3.2 Power modulations

We also investigated the underlying power modulations for each participant by calculating the PSD estimate for each condition. In most participants, distinct power modulations can be found, most exemplary in, e.g., S12 and S19. A decrease in power for the hand MI condition contralateral in C3 can be found (e.g., S12), while distinct power decrease for condition feet MI can be seen centrally at Cz (e.g., S19). The PSDs also show that for two participants (S10, S11), especially S10, data was contaminated with movement artifacts, most likely induced by head movements. One must therefore take this point into consideration when interpreting these participant’s results since this effect could have partially contributed to their classification performance.

3.3 Limitations and applicability for future long-term use BCIs

In this study, we performed a between-group analysis (n = 10) for comparing both investigated approaches. This means that each participant only performed one approach online, while we simulated the other offline. We deliberately accepted this trade-off to avoid training effects as well as bias toward the experiment which might have influenced participant performance.

We successfully combined a co-adaptive BCI with a semi-supervised recurrent retrainer unit. We could show that this novel approach is not only feasible but also works with no significant performance loss in comparison to supervised analogues [20]. We believe that this approach can be further exploited for true self-paced, long-term BCI use, where instructions are not predetermined, rather than causally determined by the BCI user. Using already executed BCI commands as “anchor” points, new trials could be extracted during runtime and added to the datapool of the retraining unit, where a class label could be artificially generated for retraining the BCI.

To further enhance reliability and stability of the BCI, it would be advisable to detect and deal with artifactual data already on site within the online BCI model rather than on the recurrent retraining unit. This could not only reduce the number of false-positive detections due to artifacts but also deny inclusion into the retraining data pool. Previous studies have already shown the benefit of detecting and dealing with artifactual EEG online [44,45,46,47,48].

Future investigations will show whether this approach can be scaled up by incorporating additional mental imagery classes or a rest class.
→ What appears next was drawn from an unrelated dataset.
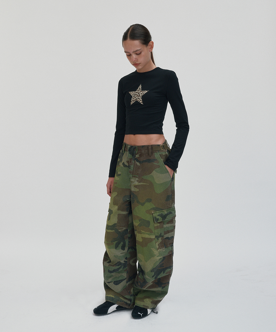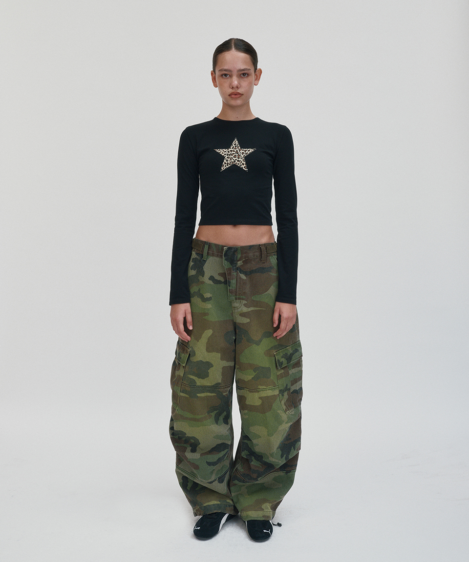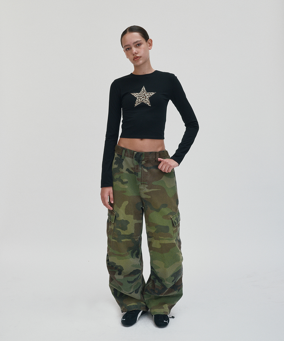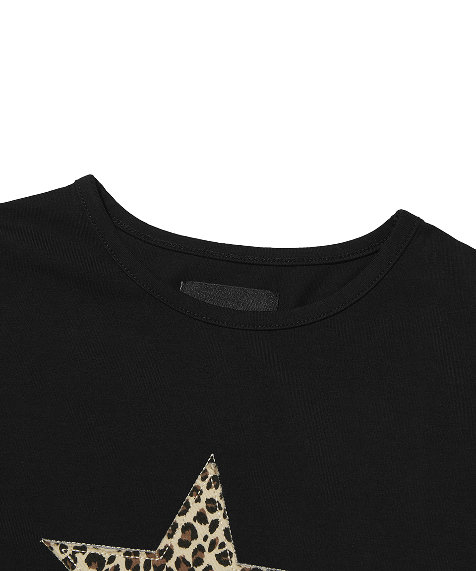 스웨이드 레오파드 스타 롱슬리브 블랙

Additionally, it would also be interesting to apply this concept on detection and classification of low-frequency components triggered by complex movements such as described in [49,50,51,52,53].

4 Conclusion

In this paper, we compared a supervised with a semi-supervised retraining approach for ERD-based co-adaptive BCI systems. We could show that despite the low number of labeled data (only 40 TPC of a total of 190 TPC), the semi-supervised approach yielded similar performance results when compared to the supervised approach. These findings may contribute to developing BCIs for long-term use, in which continuous adaptation becomes imperative for maintaining a meaningful BCI performance.